Problem description: A verbatim copy of the full data, with no pictures, is the expected answer.

Source data:

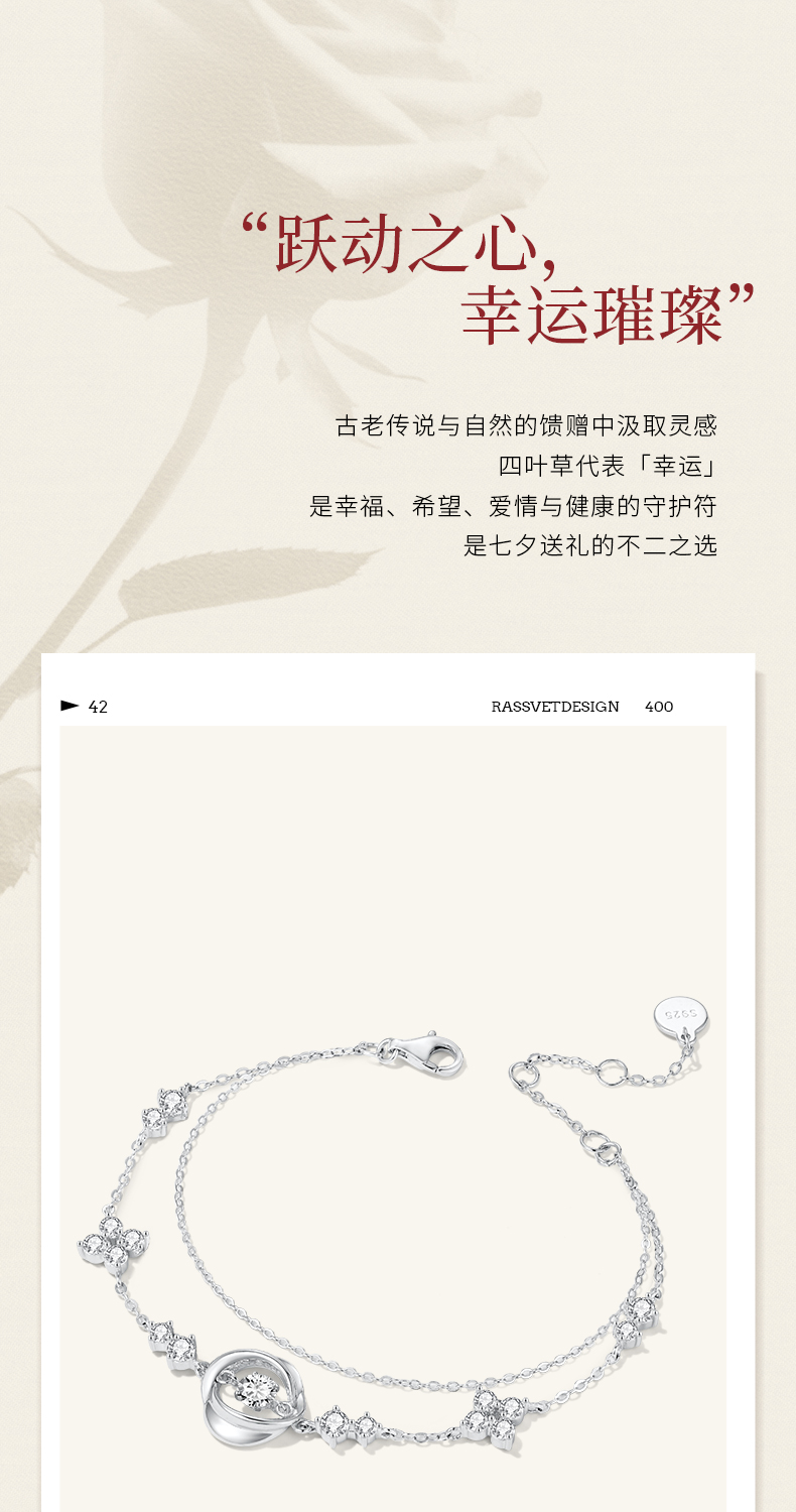 ZEGL设计师925银四叶草小幸运手链女轻奢小众精致手饰品七夕礼物
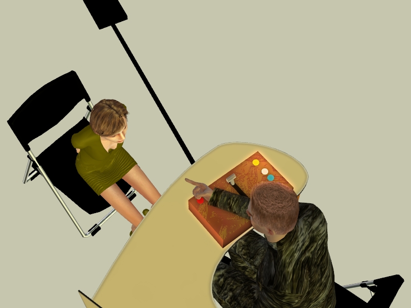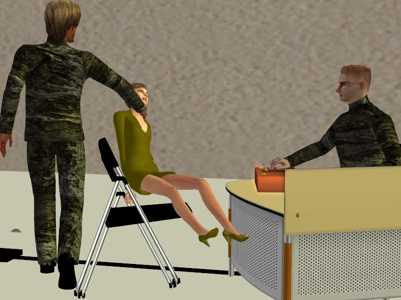 The other interrogator looks on as pain racks her fragile body. The other contemplates when to change the shocks to a different sensitive area.
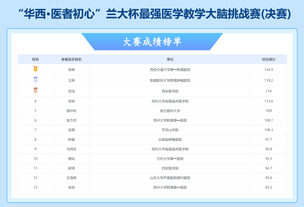 2025年10月23日,中国医学模拟教学联盟“华西-医者初心”兰大杯最强医学教学大脑挑战赛在兰州大学圆满落幕。bw西汉姆联吴茜老师从全国160余名医学教育精英中脱颖而出,荣获铜奖,充分展现了公司医学教师的专业素养与教学创新能力。

Reply:
 ZEGL设计师925银四叶草小幸运手链女轻奢小众精致手饰品七夕礼物
 The other interrogator looks on as pain racks her fragile body. The other contemplates when to change the shocks to a different sensitive area.
 2025年10月23日,中国医学模拟教学联盟“华西-医者初心”兰大杯最强医学教学大脑挑战赛在兰州大学圆满落幕。bw西汉姆联吴茜老师从全国160余名医学教育精英中脱颖而出,荣获铜奖,充分展现了公司医学教师的专业素养与教学创新能力。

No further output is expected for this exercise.